Terrence Malick est un cas a part, réalisateur adulé par la critique , il prend son temps hors des modes et hors du système (six films en quatre décennies , quasiment pas d'interviews ni de photos) l'homme est rare et son oeuvre l'est tout autant.
Deja emerveillé par 'la ligne rouge ' (1998) je décidai de découvrir son premier long métrage réalisé en 1973
La balade sauvage ("badlands" pour le titre original) est un road movie totalement fascinant , le scénario est inspiré d'une histoire réelle datant de la fin des années 50
les deux personnages interprétés par Martin Sheen et Sissy Spacek sont deux anti héros du système américain ensemble ils vont sillonner les états Unis semant la mort et la peur
Attention ici pas de couple de tueurs a la Bonnie Parker and Clyde Barrow (bonnie and clyde) ni de cinglés a la Mickey and Mallory Knox (tueurs-nés) Kit et Holly n'ont rien a voir avec ce type de duos
Kit est un marginal ,un paumé rêvant de James Dean a qui il tente de s'identifier et Holly est une gamine triste qui s'ennuie et qui suivra sur les routes l'homme qui va assassiner son père. c'est elle en voix-off qui est la narratrice du film
La cavale de ces deux n'a rien de glorieux , rien d'épique , Kit tue au hasard souvent lâchement Holly le suit sans trop savoir pourquoi sans rien sembler comprendre pourtant de cette histoire pathétique Malick tire un film profondément humain et subjuguant
les paysages sont sublimes , deja la touche" 'Malick ' est présente (personne ne filme comme lui la flore ,le désert, la faune) et cette odyssée dont on devine l'issue fatale devient passionnante de par le caractère et la nature de deux protagonistes qui ne font jamais ce a quoi l'on s'attend.

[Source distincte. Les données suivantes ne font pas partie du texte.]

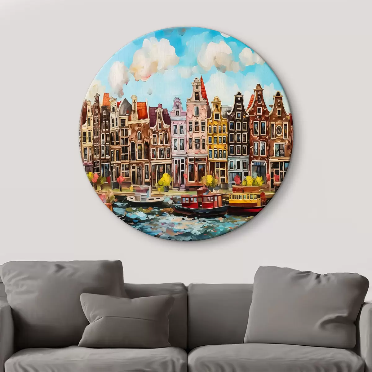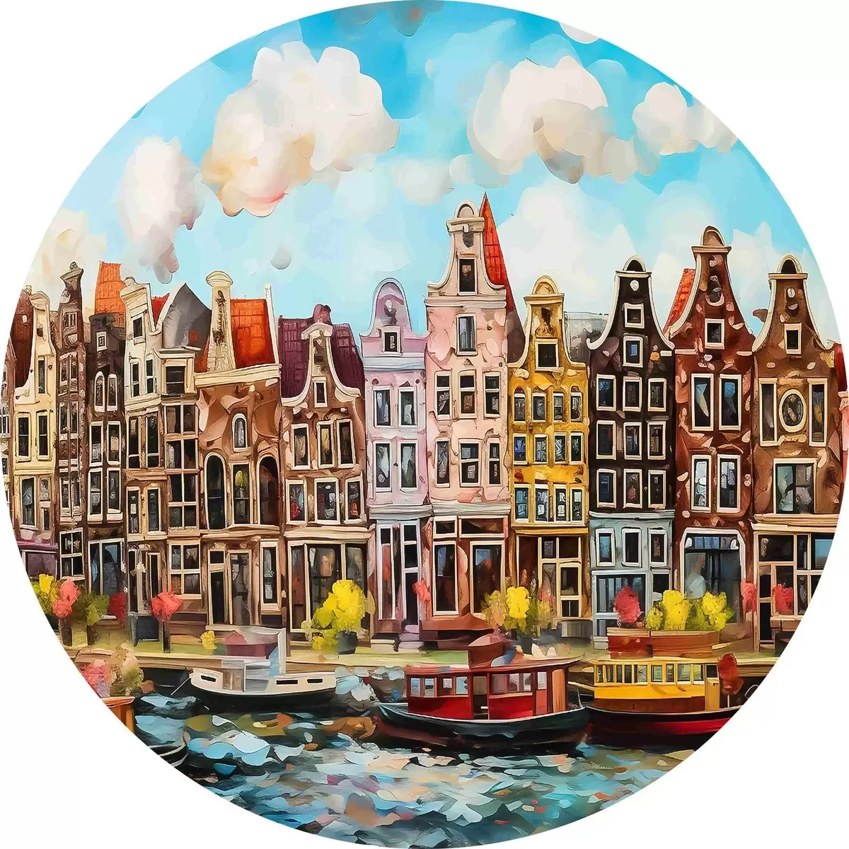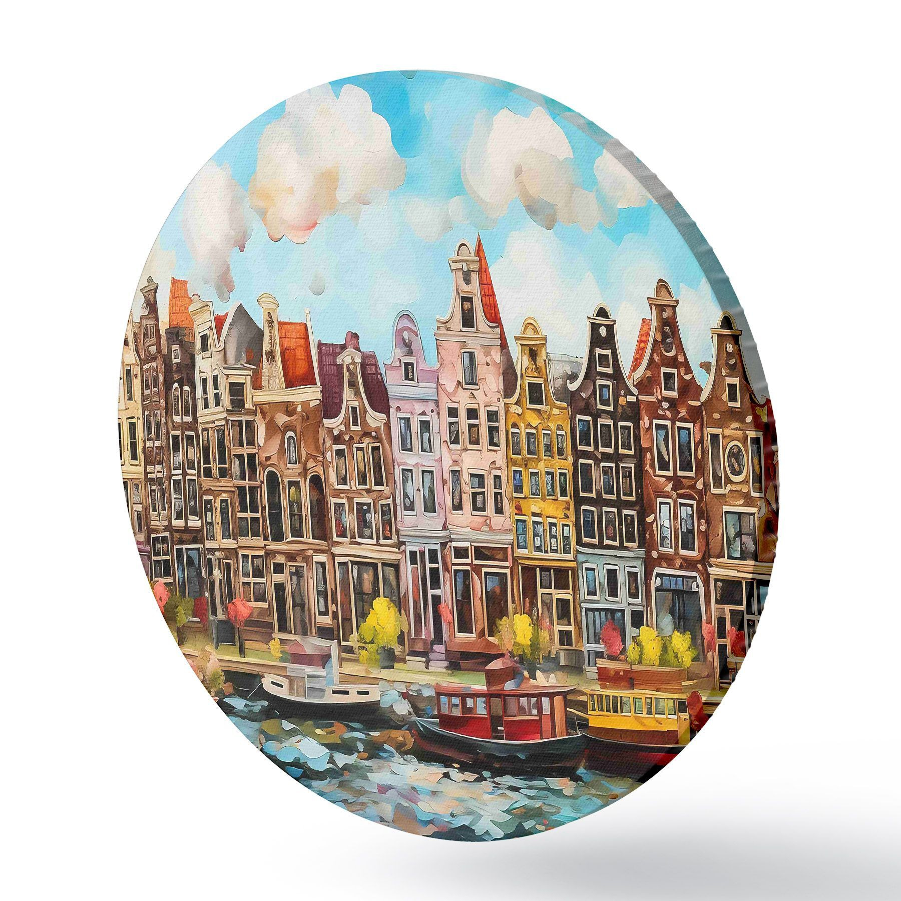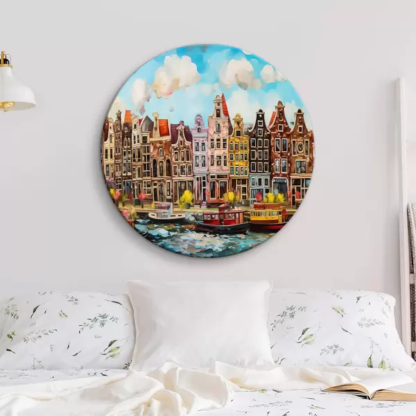 Runde Gemälde Aquarell, das eine Stadt darstellt r37555
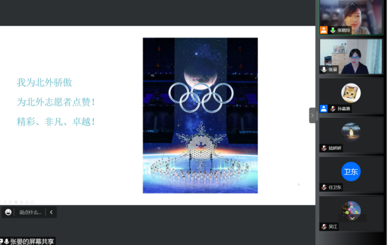 M88官方网站副教授张晏老师分享了她在承担的本次冬奥会志愿者翻译培训官的工作历程。她从接到通知、训前准备、正式培训、答疑解惑、训后支持、赛时关注等环节回顾了自己与北外培训教师团队高质量、高标准完成培训任务的整个过程。张晏老师也分享了自己在培训工作中的心得感悟,为在整个北京冬奥会、冬残奥会中北外学子的优秀表现感到自豪和骄傲。

Martin Sheen obtient ici l'un des plus grands rôles de sa carrière (avec celui du capitaine Willard d'Apocalypse now en 1979) tandis que Sissy Spacek agée de 24 ans et qui ici en parait 16 ans joue sur la fragilité excessive de son personnage.

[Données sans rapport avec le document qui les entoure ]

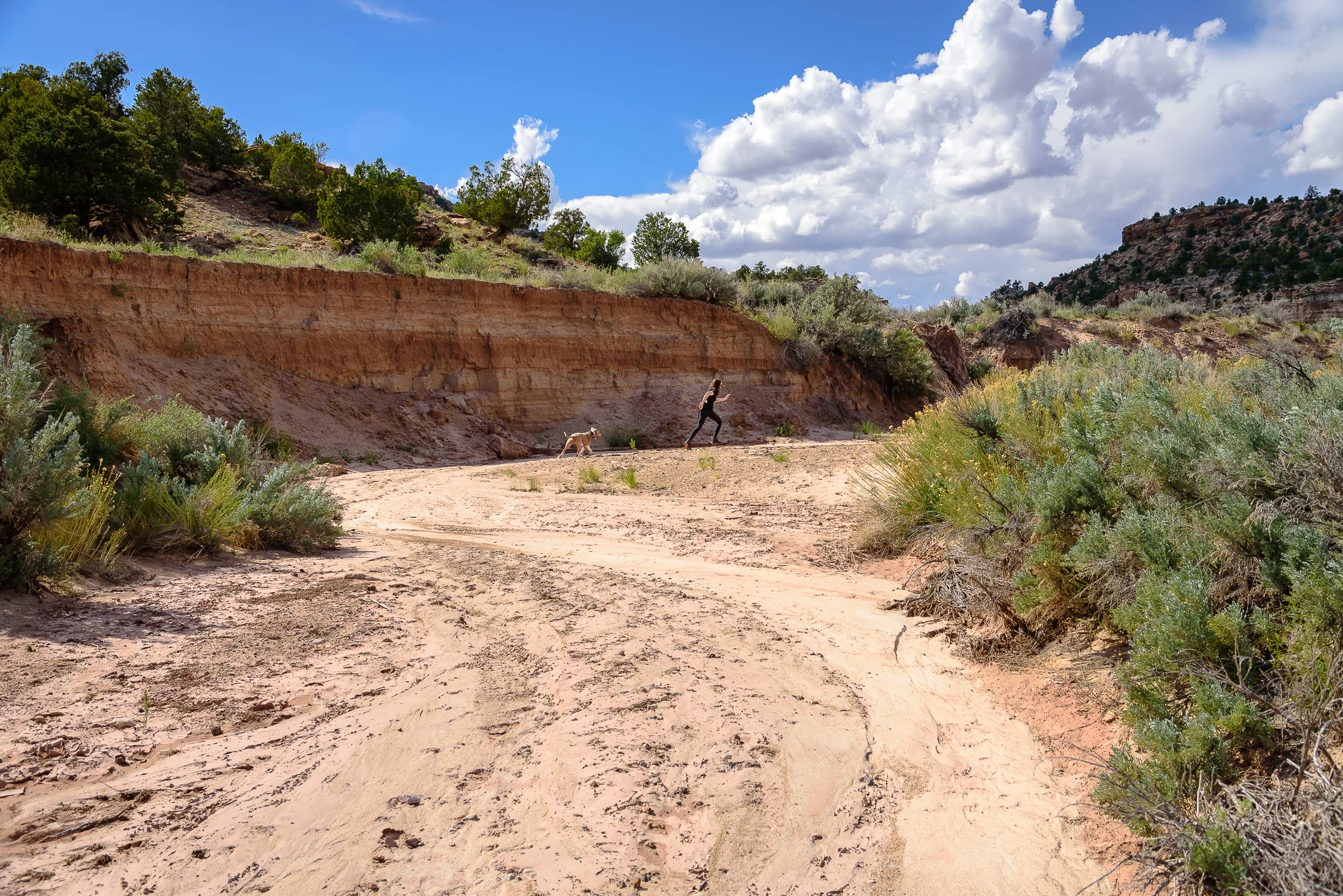 Just a girl and her dog frolicking through the Escalante River wash. Petrified Forest State Park, Escalante, UT.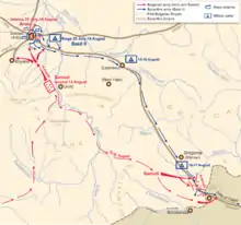 L'armée byzantine se retire le long de la vallée de Sofia vers Ihtiman où elle s'arrête pour la nuit. C'est alors que des rumeurs grandissantes font croire aux Byzantins que les Bulgares ont barré les routes dans les montagnes environnantes ce qui engendre une certaine panique parmi les soldats le lendemain. La retraite perd alors en cohésion[10]. Quand Samuel prend conscience de ce désordre, il lance son armée vers le camp adverse et la retraite byzantine se transforme en déroute. L'avant-garde byzantine parvient à se frayer un chemin sur les versants alentour qui ne sont pas encore tombés aux mains des Bulgares. Le reste de l'armée est encerclée par les Bulgares. Parmi l'infanterie, seule l'unité d'élite arménienne parvient à briser l'encerclement avec de lourdes pertes pour ensuite conduire l'empereur à travers des routes secondaires. Quant aux soldats encerclés, nombreux sont ceux qui périssent lors de la bataille tandis que les autres sont faits prisonniers et que l'Insigne Impériale est saisie par les Bulgares[11].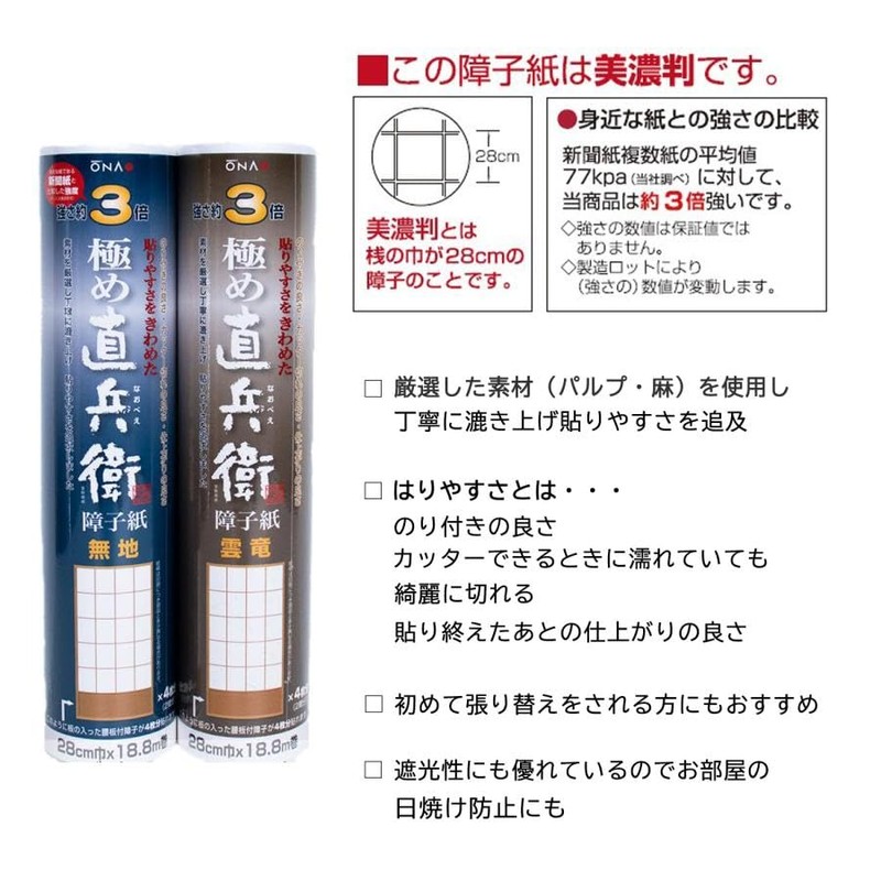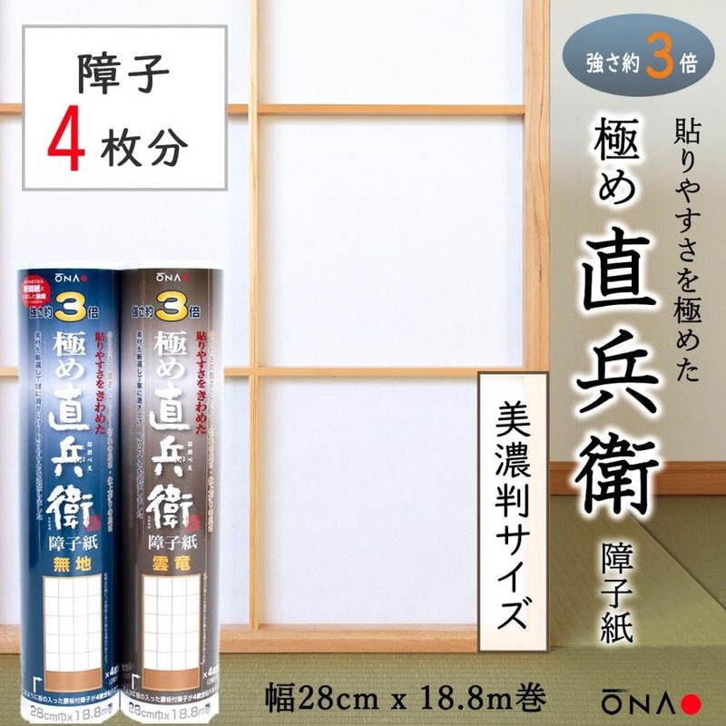 和紙屋の大直 極め直兵衛 貼りやすさをきわめた障子紙 美濃判 28cm×18.8m(4枚分) 強さ約3倍 無地 KN-128

comme Martin Scorsese réalisateur trentenaire revelé en 1972 avec un premier film référence "Mean streets" Terrence Malick autre trentenaire surdoué s'impose d'emblée parmi les grands du cinéma US , si le premier sera prolifique alternant chefs d'oeuvres et films a demi ou totalement ratés , le second lui sera économe , patient et nous régalera a son rythme il sera en 2011 récompensé par la palme d'or avec 'Tree of life "
16:04 Publié dans cinéma | Lien permanent | Commentaires (0)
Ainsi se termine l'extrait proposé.